What is needed → What you return must match the data below exactly, minus any pictures.

The data →
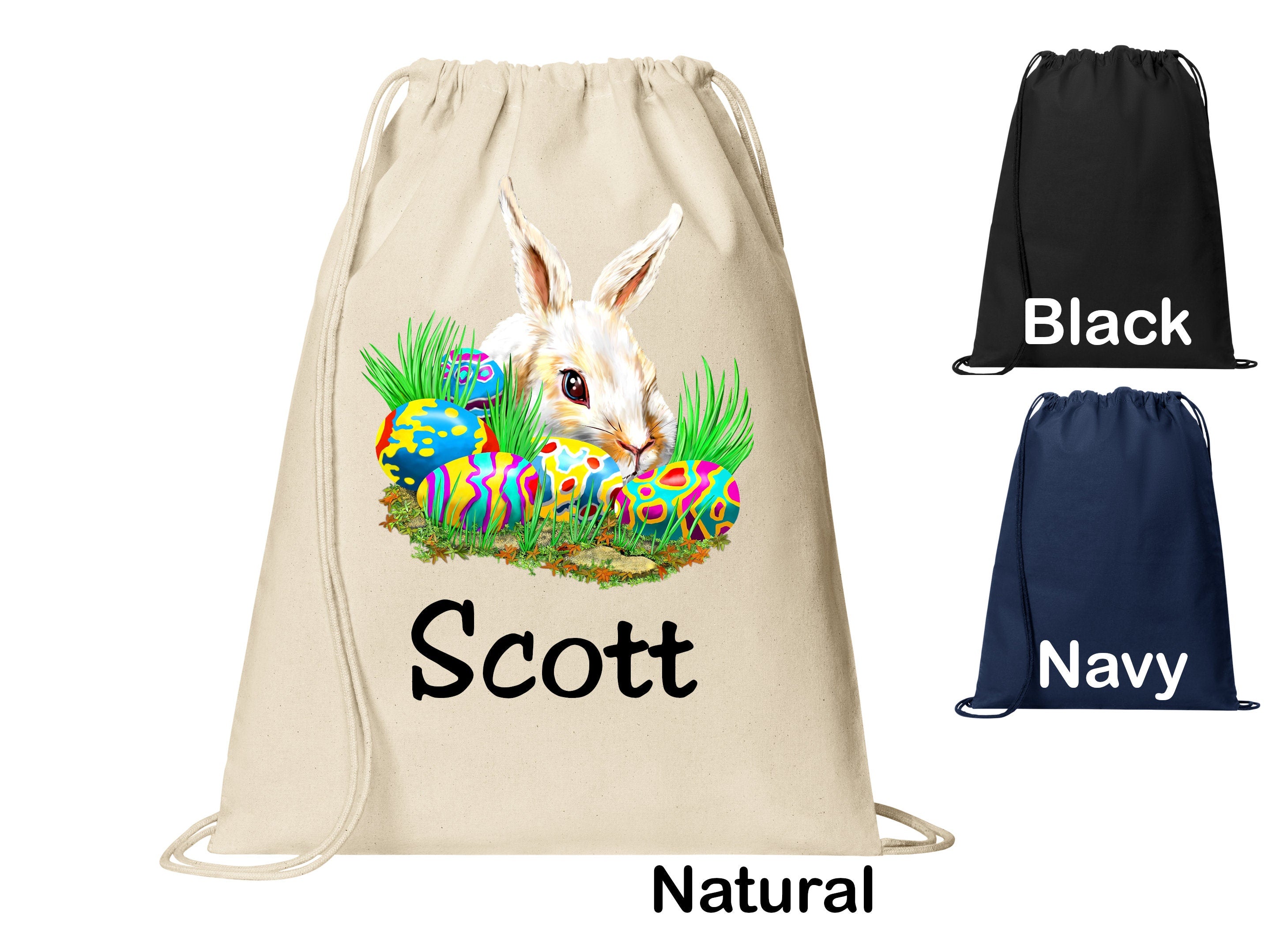 Personalized Easter Bunny Eggs Holiday Cinch Pack, Drawstring Gym School Pool Backpack, Printed Monogrammed Custom Name, Perfect Gift
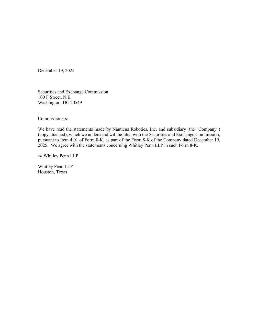 December 19, 2025 Securities and Exchange Commission 100 F Street, N.E. Washington, DC 20549 Commissioners: We have read the statements made by Nauticus Robotics, Inc. and subsidiary (the “Company”) (copy attached), which we understand will be filed with the Securities and Exchange Commission, pursuant to Item 4.01 of Form 8-K, as part of the Form 8-K of the Company dated December 19, 2025. We agree with the statements concerning Whitley Penn LLP in such Form 8-K. /s/ Whitley Penn LLP Whitley Penn LLP Houston, Texas
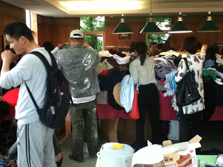 When I went in all I could see was piles and piles of clothes and toys and books and DVDs and all sorts of old games and kitchen stuff. And wading through all this were lots of Chinese people along with a handful of foreigners. Lynn said that when the doors had first opened at 8am there was a huge queue of Chinese outside who pushed to come in and were like locusts picking and tugging and pushing and grabbing at everything.It was like the first day at Harrod’s sale.
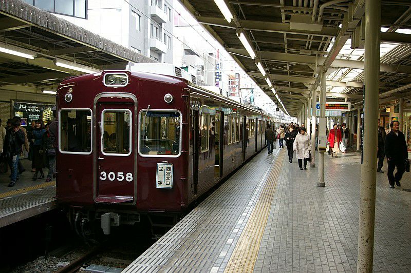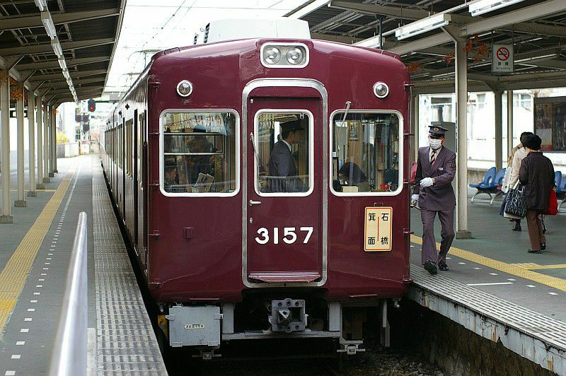 阪急 箕面線 石橋 2008.12.11 3100系 阪急電鉄 2023年05月11日 石橋駅に停車中の箕面線の3100系。 箕面線にも方向幕の付いていない、古いタイプの車両が残っていました。 よく見ると、連結器の異なるタイプの車両があったようです。 (2008.12.11/石橋)

Completed exercise →
 Personalized Easter Bunny Eggs Holiday Cinch Pack, Drawstring Gym School Pool Backpack, Printed Monogrammed Custom Name, Perfect Gift
 December 19, 2025 Securities and Exchange Commission 100 F Street, N.E. Washington, DC 20549 Commissioners: We have read the statements made by Nauticus Robotics, Inc. and subsidiary (the “Company”) (copy attached), which we understand will be filed with the Securities and Exchange Commission, pursuant to Item 4.01 of Form 8-K, as part of the Form 8-K of the Company dated December 19, 2025. We agree with the statements concerning Whitley Penn LLP in such Form 8-K. /s/ Whitley Penn LLP Whitley Penn LLP Houston, Texas
 When I went in all I could see was piles and piles of clothes and toys and books and DVDs and all sorts of old games and kitchen stuff. And wading through all this were lots of Chinese people along with a handful of foreigners. Lynn said that when the doors had first opened at 8am there was a huge queue of Chinese outside who pushed to come in and were like locusts picking and tugging and pushing and grabbing at everything.It was like the first day at Harrod’s sale.
 阪急 箕面線 石橋 2008.12.11 3100系 阪急電鉄 2023年05月11日 石橋駅に停車中の箕面線の3100系。 箕面線にも方向幕の付いていない、古いタイプの車両が残っていました。 よく見ると、連結器の異なるタイプの車両があったようです。 (2008.12.11/石橋)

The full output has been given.